### DESCRIPTION OF THE TASK
Restate word for word the entries below, starting at the line with "Совместные закупки Екатеринбург" and ending at the line with "Goldgelbe Südsee-Muschelperle 14". Keep both end lines and omit the pictures.

::: DATA RECORDS :::

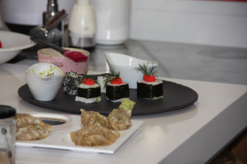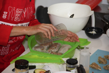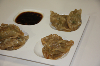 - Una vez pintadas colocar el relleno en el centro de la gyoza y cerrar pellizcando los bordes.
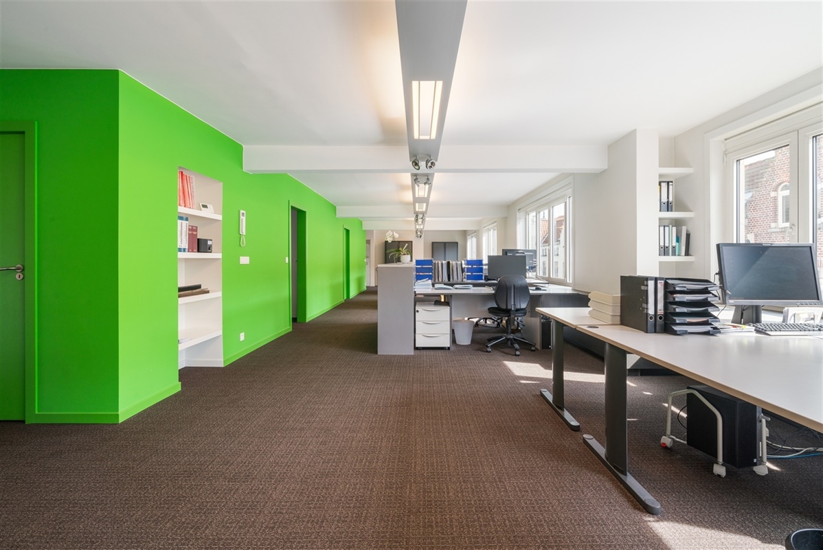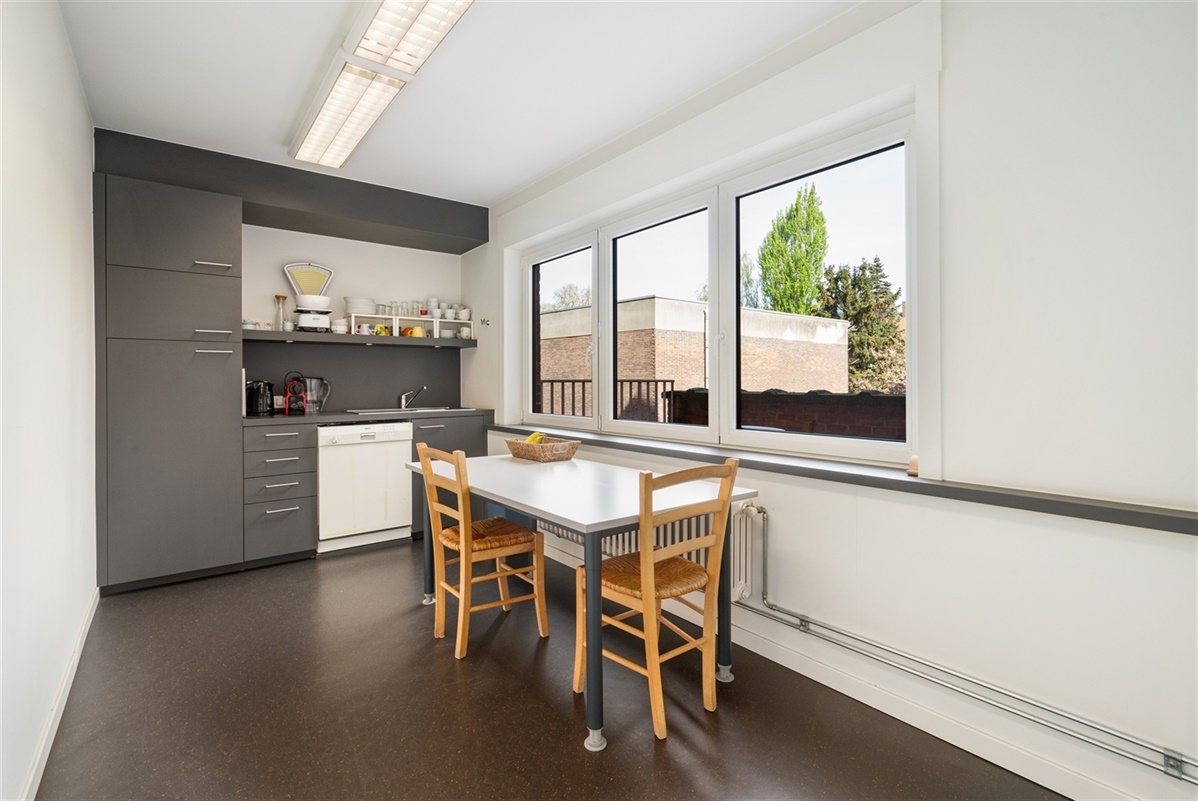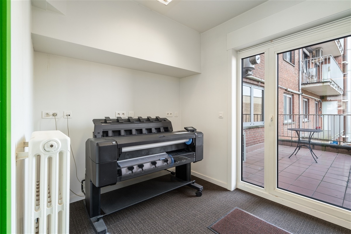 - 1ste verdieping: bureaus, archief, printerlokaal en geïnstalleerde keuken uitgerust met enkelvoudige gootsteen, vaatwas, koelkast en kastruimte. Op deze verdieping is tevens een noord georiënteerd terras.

:::
::: DATA RECORDS :::

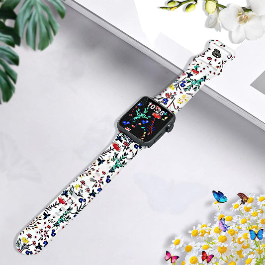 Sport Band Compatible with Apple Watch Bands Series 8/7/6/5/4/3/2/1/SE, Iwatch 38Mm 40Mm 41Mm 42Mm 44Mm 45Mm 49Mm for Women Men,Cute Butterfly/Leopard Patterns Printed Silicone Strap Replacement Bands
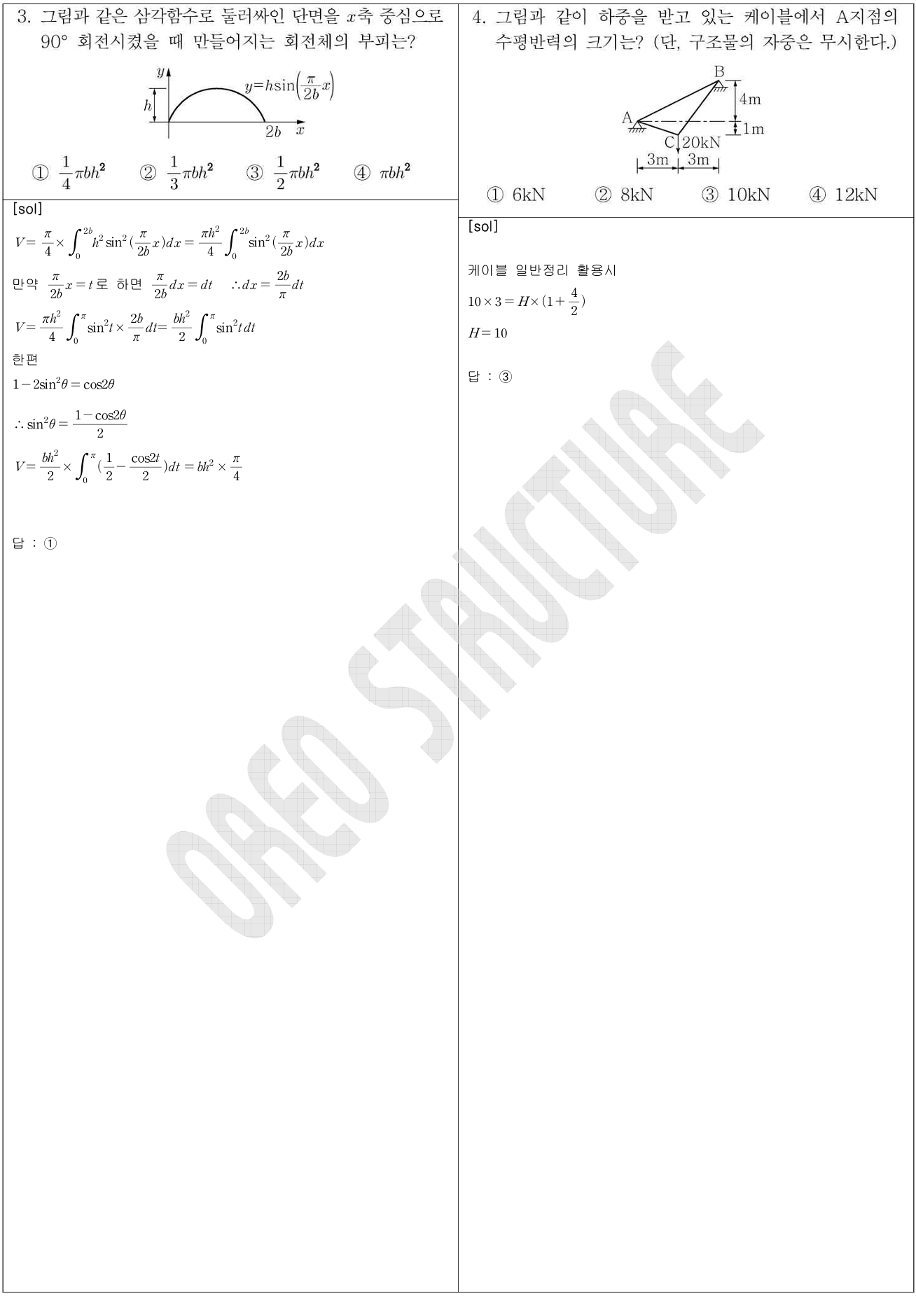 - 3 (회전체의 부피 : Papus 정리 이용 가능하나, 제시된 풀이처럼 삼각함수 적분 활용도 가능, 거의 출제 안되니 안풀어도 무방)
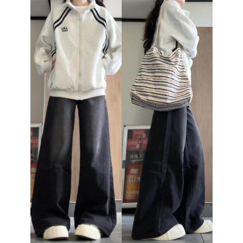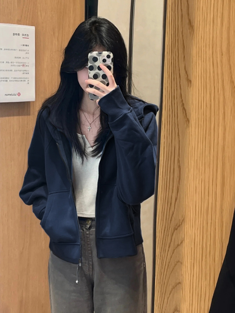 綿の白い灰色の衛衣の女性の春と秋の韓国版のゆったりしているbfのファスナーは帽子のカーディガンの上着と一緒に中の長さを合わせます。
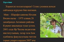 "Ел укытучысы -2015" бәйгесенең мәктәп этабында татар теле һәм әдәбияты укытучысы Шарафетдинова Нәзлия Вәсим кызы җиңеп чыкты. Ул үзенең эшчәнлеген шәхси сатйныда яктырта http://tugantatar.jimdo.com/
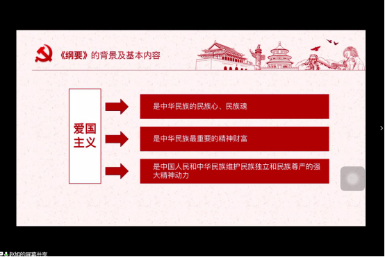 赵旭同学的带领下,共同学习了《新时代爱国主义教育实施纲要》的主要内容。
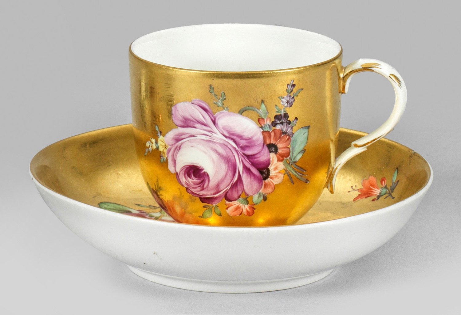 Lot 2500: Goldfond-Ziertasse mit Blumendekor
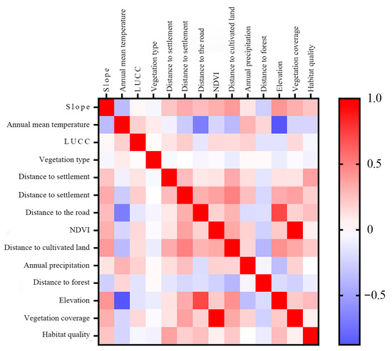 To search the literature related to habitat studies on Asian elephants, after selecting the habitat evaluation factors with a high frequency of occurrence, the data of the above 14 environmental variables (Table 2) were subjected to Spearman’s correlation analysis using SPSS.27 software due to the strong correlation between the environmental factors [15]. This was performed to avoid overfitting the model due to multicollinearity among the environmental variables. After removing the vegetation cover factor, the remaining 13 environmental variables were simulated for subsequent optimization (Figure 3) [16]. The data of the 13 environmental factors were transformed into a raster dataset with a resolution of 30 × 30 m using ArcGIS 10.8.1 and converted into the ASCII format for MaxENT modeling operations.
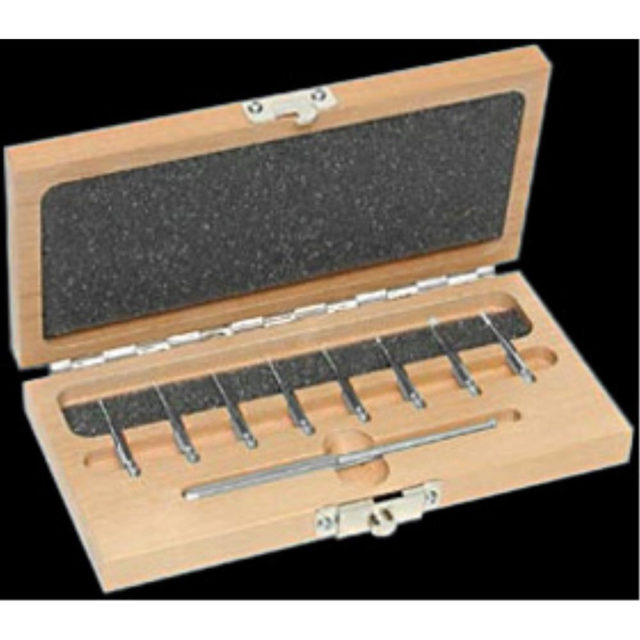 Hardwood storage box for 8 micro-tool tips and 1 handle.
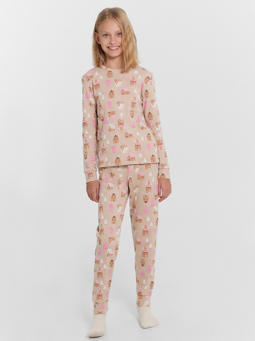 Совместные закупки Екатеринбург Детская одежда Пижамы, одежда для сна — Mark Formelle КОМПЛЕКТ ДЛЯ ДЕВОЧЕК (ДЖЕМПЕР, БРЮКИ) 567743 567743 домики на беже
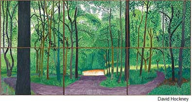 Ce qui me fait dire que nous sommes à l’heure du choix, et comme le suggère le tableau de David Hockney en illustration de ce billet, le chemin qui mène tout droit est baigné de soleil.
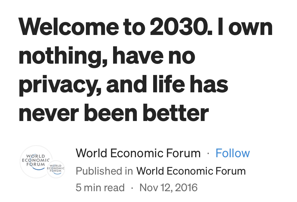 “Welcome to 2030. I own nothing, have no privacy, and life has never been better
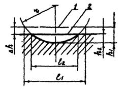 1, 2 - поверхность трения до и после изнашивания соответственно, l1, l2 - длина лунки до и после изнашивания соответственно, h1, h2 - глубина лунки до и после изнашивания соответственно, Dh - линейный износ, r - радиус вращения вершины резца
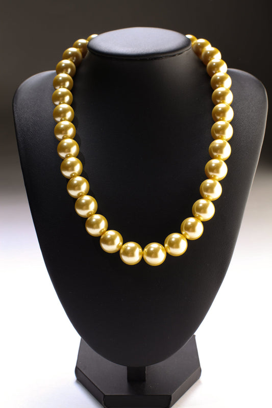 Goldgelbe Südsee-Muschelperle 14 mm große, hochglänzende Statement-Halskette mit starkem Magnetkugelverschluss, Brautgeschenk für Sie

:::

### RESPONSE TO THIS TASK
 Совместные закупки Екатеринбург Детская одежда Пижамы, одежда для сна — Mark Formelle КОМПЛЕКТ ДЛЯ ДЕВОЧЕК (ДЖЕМПЕР, БРЮКИ) 567743 567743 домики на беже
 Ce qui me fait dire que nous sommes à l’heure du choix, et comme le suggère le tableau de David Hockney en illustration de ce billet, le chemin qui mène tout droit est baigné de soleil.
 “Welcome to 2030. I own nothing, have no privacy, and life has never been better
 1, 2 - поверхность трения до и после изнашивания соответственно, l1, l2 - длина лунки до и после изнашивания соответственно, h1, h2 - глубина лунки до и после изнашивания соответственно, Dh - линейный износ, r - радиус вращения вершины резца
 Goldgelbe Südsee-Muschelperle 14 mm große, hochglänzende Statement-Halskette mit starkem Magnetkugelverschluss, Brautgeschenk für Sie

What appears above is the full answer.